START RECORDS SHOWN
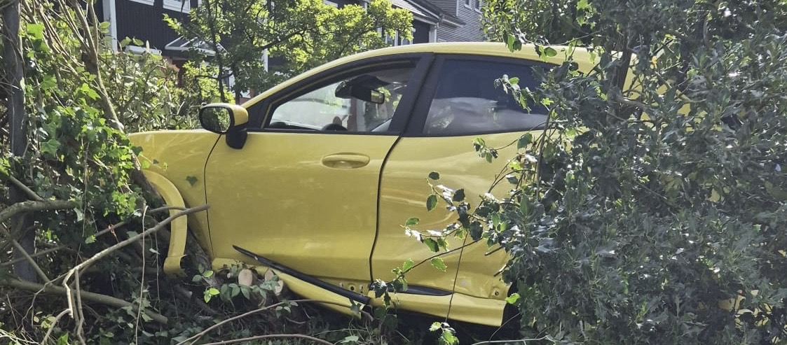 Hier war ein PKW mit zwei Personen in ein größeres Gebüsch gefahren. Die beiden Personen waren im PKW eingeschlossen und kamen nicht mehr selbstständig heraus. Um die Türen öffnen zu können, mussten einige dicke Äste der Hecke mit einer Kettensäge entfernt werden und es kam ein hydraulisches Rettungsgerät zum Einsatz.
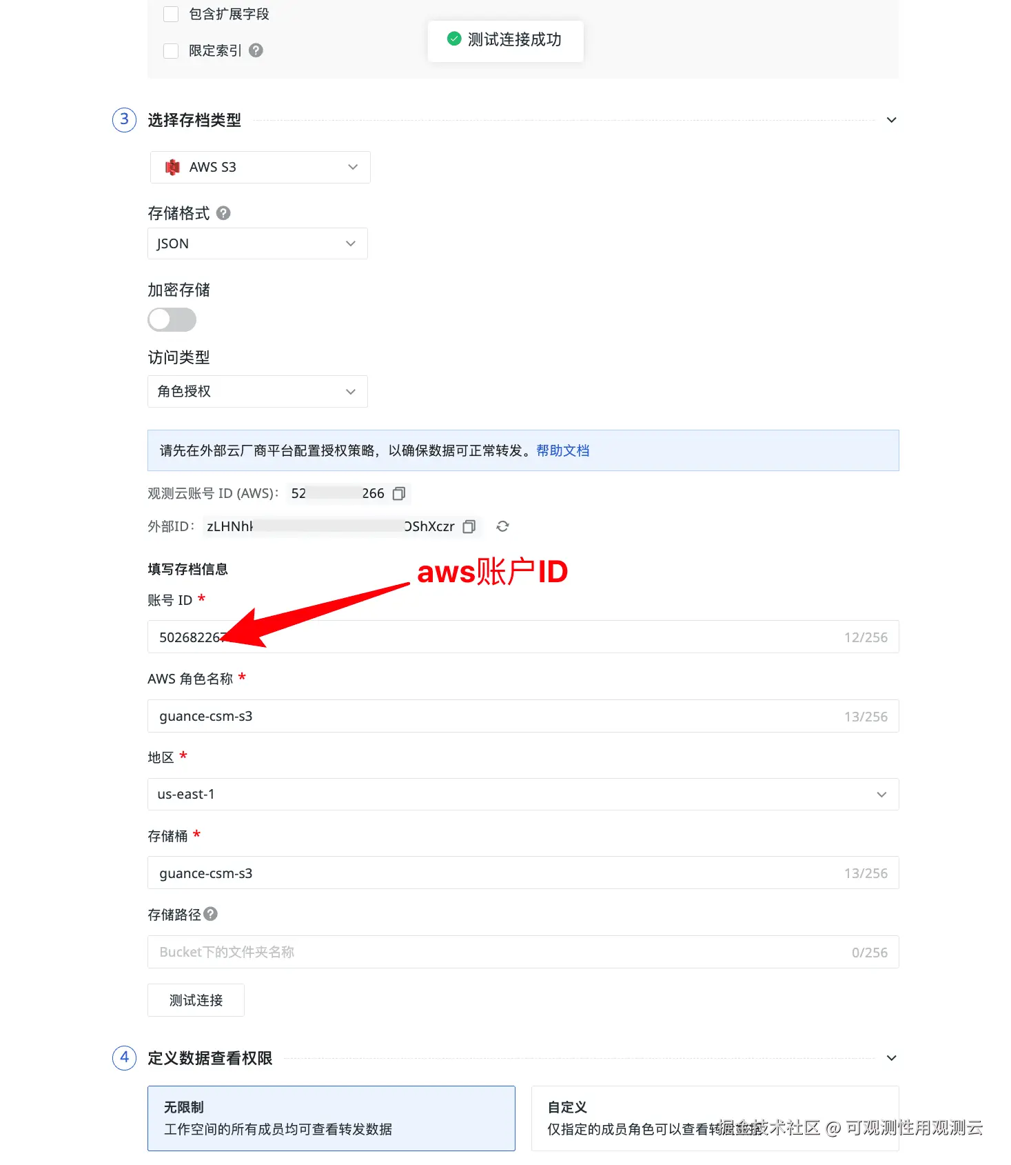 Principal.AWS:观测云账号 IDsts:ExternalId:观测云外部 ID
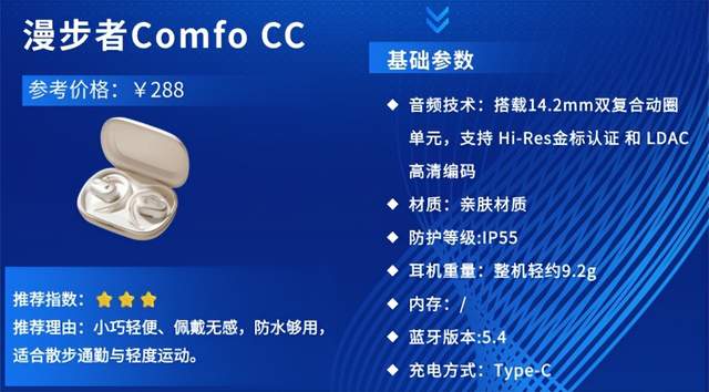 推荐理由:漫步者Comfo CC定位入门级开放式真无线耳机,主打轻量化佩戴与长续航,专为日常轻运动、通勤人群设计,凭借简约设计、便捷操作与亲民价格,成为入门级开放式耳机的高性价比之选。
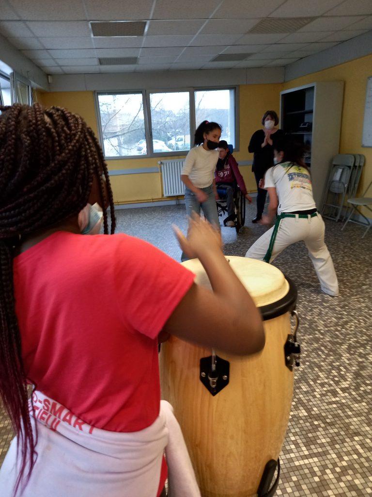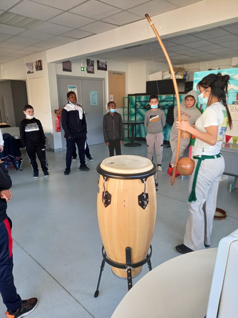 Pour la 2ème année, Donia est venue partager avec nous sa passion de la Capoeira. L’occasion de parler de l’esclavage, de découvrir un art martial et les règles de respect qui vont avec mais aussi de découvrir les instruments de musique que l’on ne connaît pas….
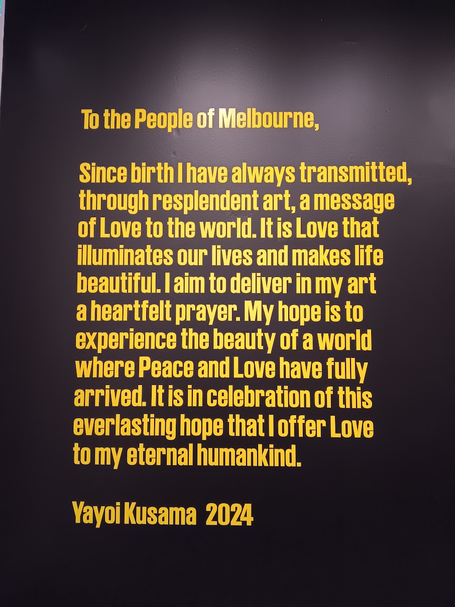 In 2023, we went to an exhibition called You, Me and the Balloons at the Aviva Studios in Manchester- it introduced us to the wonderful, colourful and eccentric artistic creations of Japanese artist Yayoi Kasuma. When we discovered that her latest show at the National Gallery of Victoria would coincide with our trip, well, we just had to go. It took a couple of attempts, with big queues and credit card challenges, but we made it.
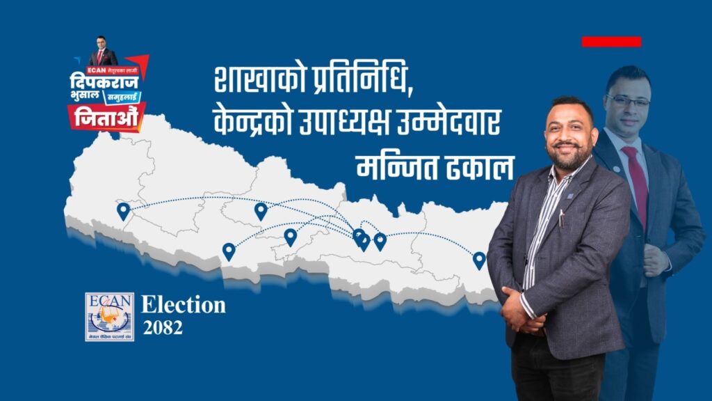 काठमाडौं । नेपाल शैक्षिक परामर्श संघ (ECAN) को आगामी 2082 को केन्द्रीय निर्वाचनमा, मञ्जित ढकालले दीपक राज भुषाल समूहबाट केन्द्रीय उपाध्यक्ष पदमा उम्मेदवारी घोषणा गरेका छन्। वर्तमानमा उनी ECAN को केन्द्रीय समितिमा सदस्यको रूपमा सक्रिय छन् र Branch Coordination Department मार्फत केन्द्र र शाखाबीच प्रभावकारी समन्वयमा निरन्तर योगदान गर्दै आएका छन्।
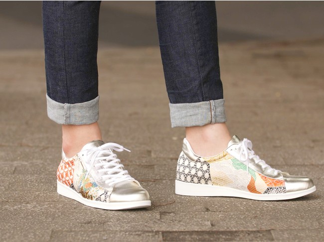 浅草の靴職人の技で、美しい着物と本革スニーカーを融合させたユニセックスの「着物×本革スニーカー」です。
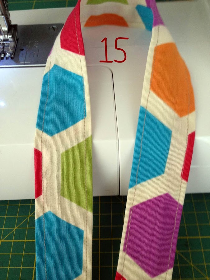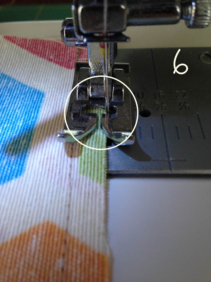 13. Para asegurar el asa, vuelve a coserla con puntada recta, llevando la aguja a la derecha del todo para que la costura quede pegadita al borde. Cuando tengas más práctica podrás hacerla mucho más cerca sin necesidad de guiarte por el pie de máquina...
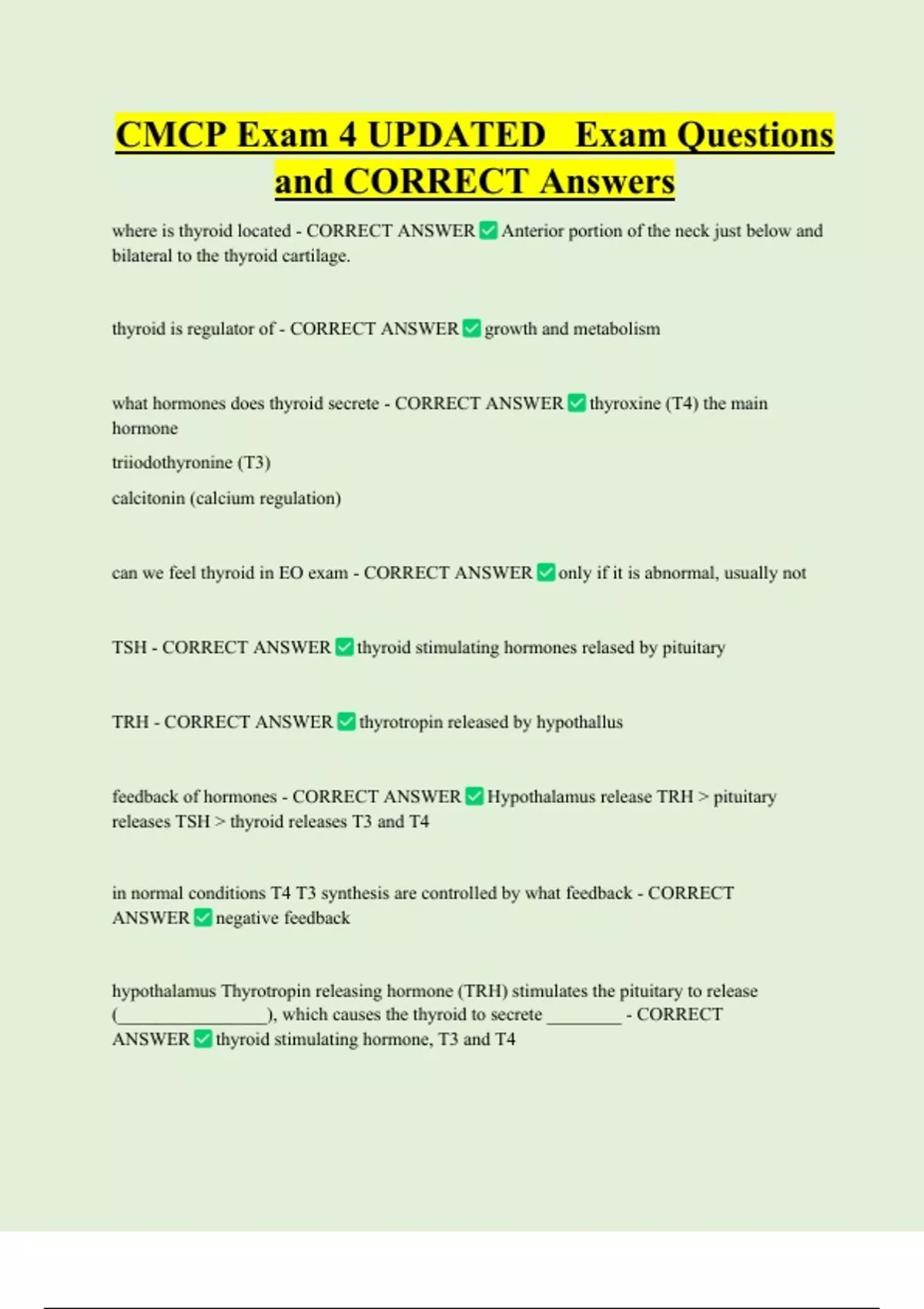 CMCP Exam 4 UPDATED Exam Questions and CORRECT Answers where is thyroid located - CORRECT ANSWER Anterior portion of the neck just below and bilateral to the thyroid cartilage. thyroid is regulator of - CORRECT ANSWER growth and metabolism what hormones does thyroid secrete - CORRECT ANSWER thyroxine (T4) the main hormone triiodothyronine (T3) calcitonin (calcium regulation) can we feel thyroid in EO exam - CORRECT ANSWER only if it is abnormal, usually
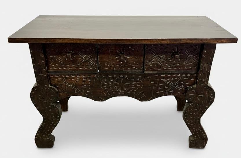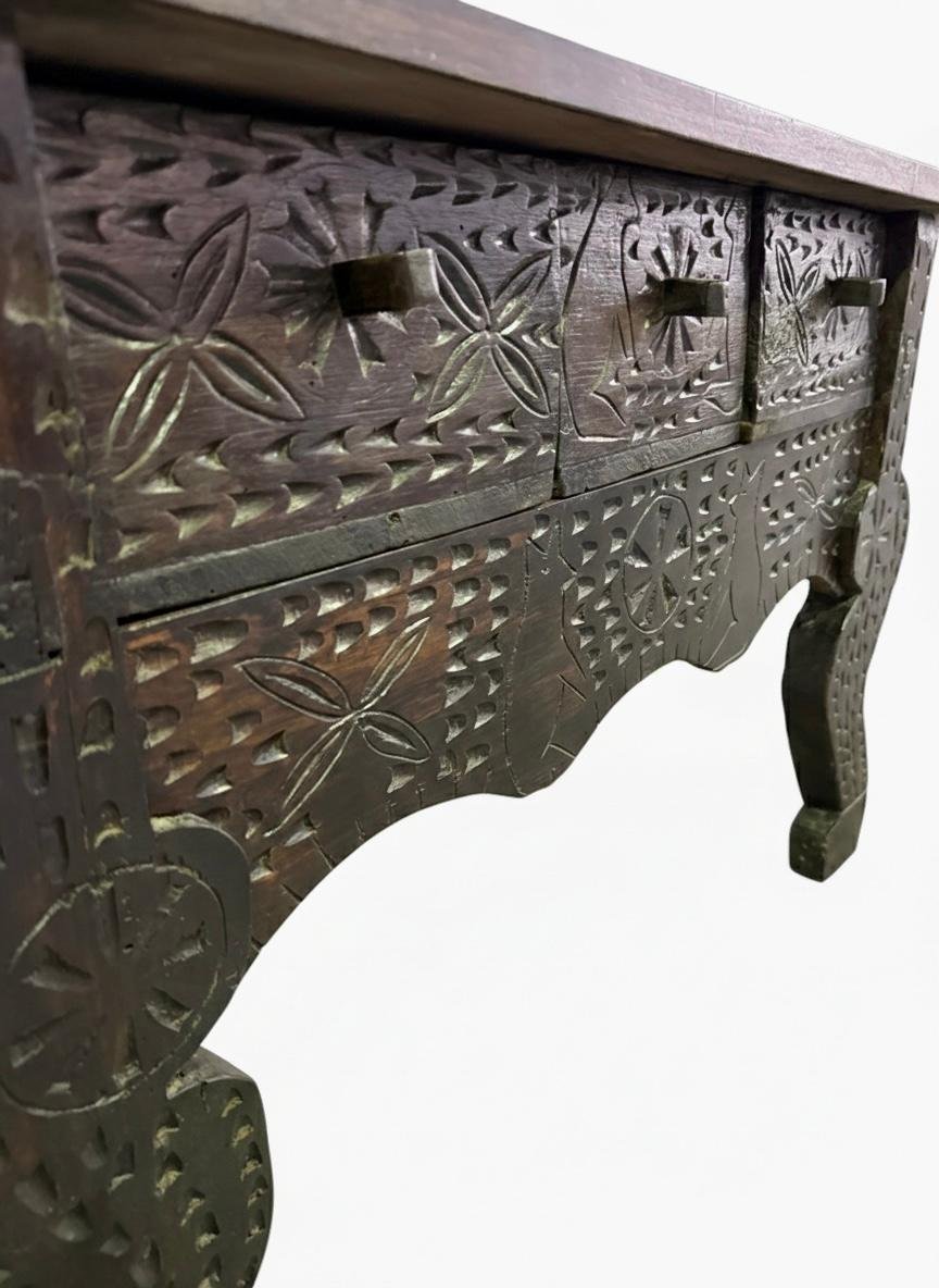 El frontal se divide en tres cajones decorados con motivos florales radiantes (rosetas) y patrones geométricos incisos, rematados con tiradores de madera integrados. El faldón inferior presenta un perfil ondulado y calado, armonizando perfectamente con sus singulares patas de perfil curvo, también profusamente decoradas. Excelente estado de conservación, conservando la autenticidad de sus ensambles tradicionales.
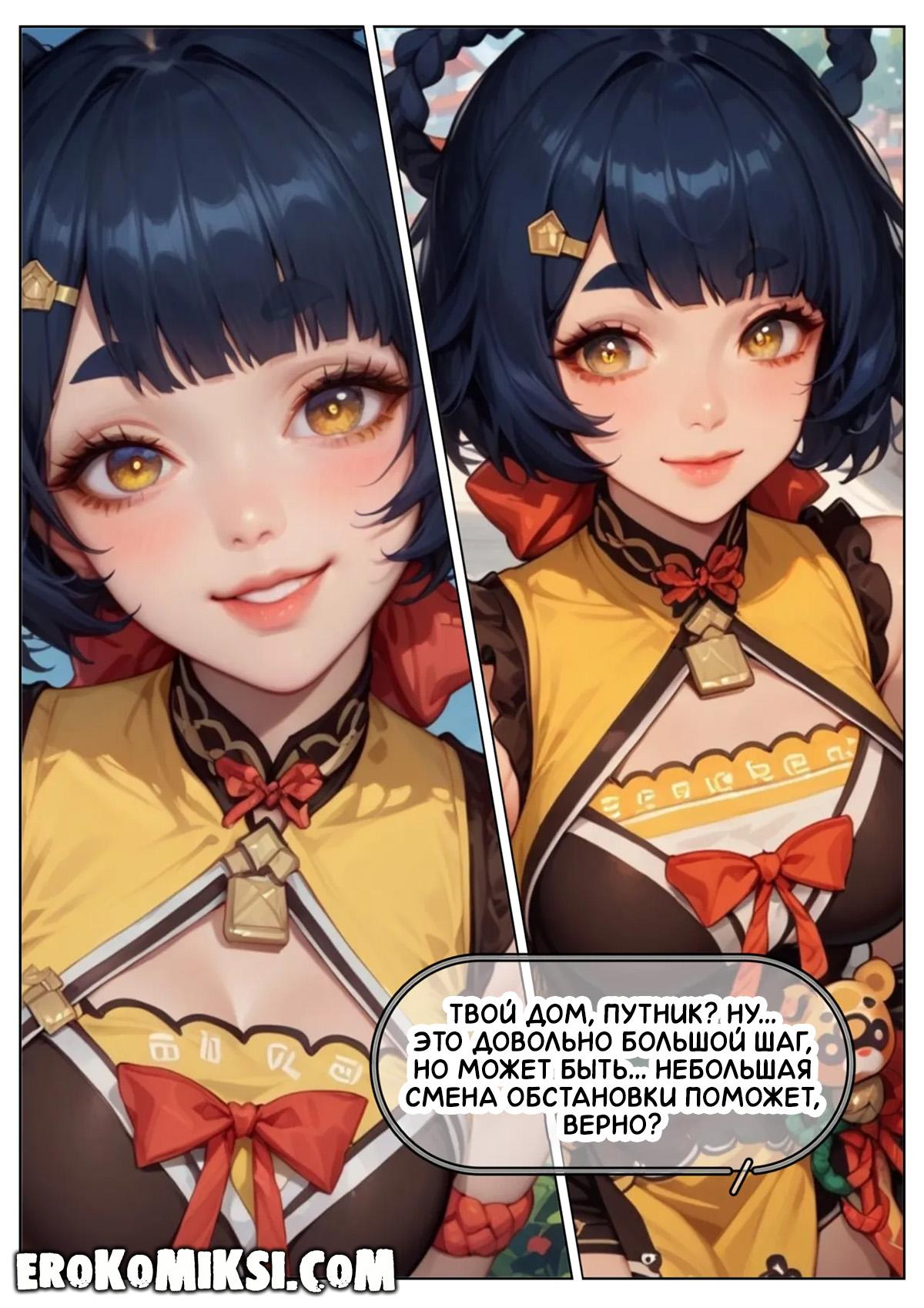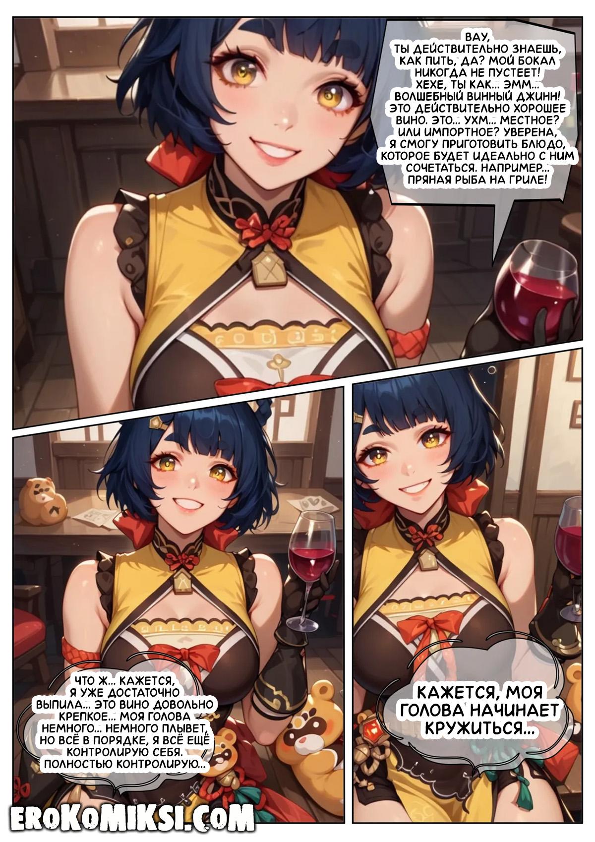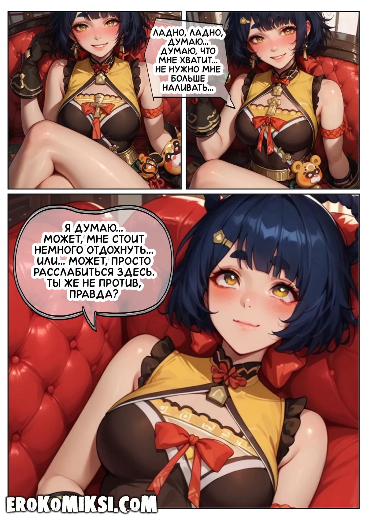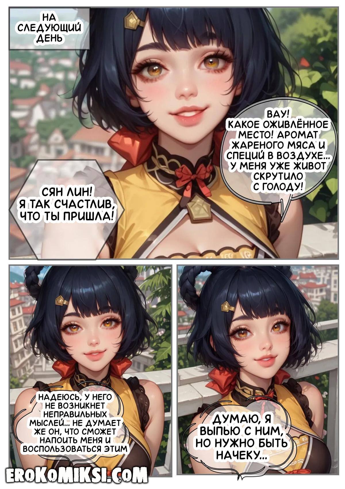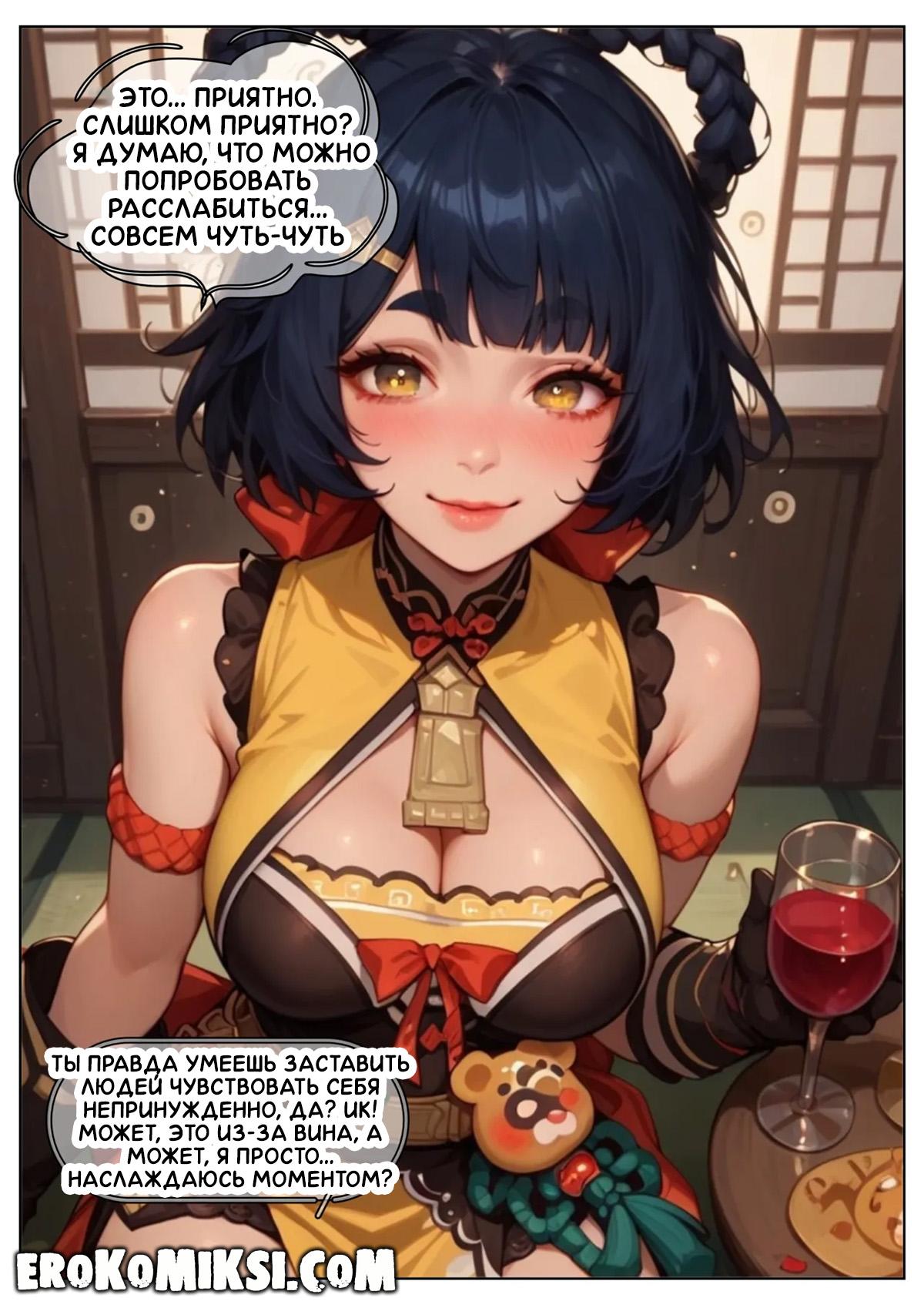Порно комикс Genshin Impact. Пепел наслаждения. Путник приехал в деревню, где встретил Сян Лин, которая ему сразу же приглянулась, и он решил пригласить её к себе. Когда девушка пришла, путник напоил её вином, от чего она охмелела и позволила путнику оттрахать её киску и задницу…
END RECORDS SHOWN
EXERCISE DESCRIPTION
Give back exactly the lines from the top of the records to the line containing "In 2023, we", both included, and no pictures.

EXPECTED ANSWER
 Hier war ein PKW mit zwei Personen in ein größeres Gebüsch gefahren. Die beiden Personen waren im PKW eingeschlossen und kamen nicht mehr selbstständig heraus. Um die Türen öffnen zu können, mussten einige dicke Äste der Hecke mit einer Kettensäge entfernt werden und es kam ein hydraulisches Rettungsgerät zum Einsatz.
 Principal.AWS:观测云账号 IDsts:ExternalId:观测云外部 ID
 推荐理由:漫步者Comfo CC定位入门级开放式真无线耳机,主打轻量化佩戴与长续航,专为日常轻运动、通勤人群设计,凭借简约设计、便捷操作与亲民价格,成为入门级开放式耳机的高性价比之选。
 Pour la 2ème année, Donia est venue partager avec nous sa passion de la Capoeira. L’occasion de parler de l’esclavage, de découvrir un art martial et les règles de respect qui vont avec mais aussi de découvrir les instruments de musique que l’on ne connaît pas….
 In 2023, we went to an exhibition called You, Me and the Balloons at the Aviva Studios in Manchester- it introduced us to the wonderful, colourful and eccentric artistic creations of Japanese artist Yayoi Kasuma. When we discovered that her latest show at the National Gallery of Victoria would coincide with our trip, well, we just had to go. It took a couple of attempts, with big queues and credit card challenges, but we made it.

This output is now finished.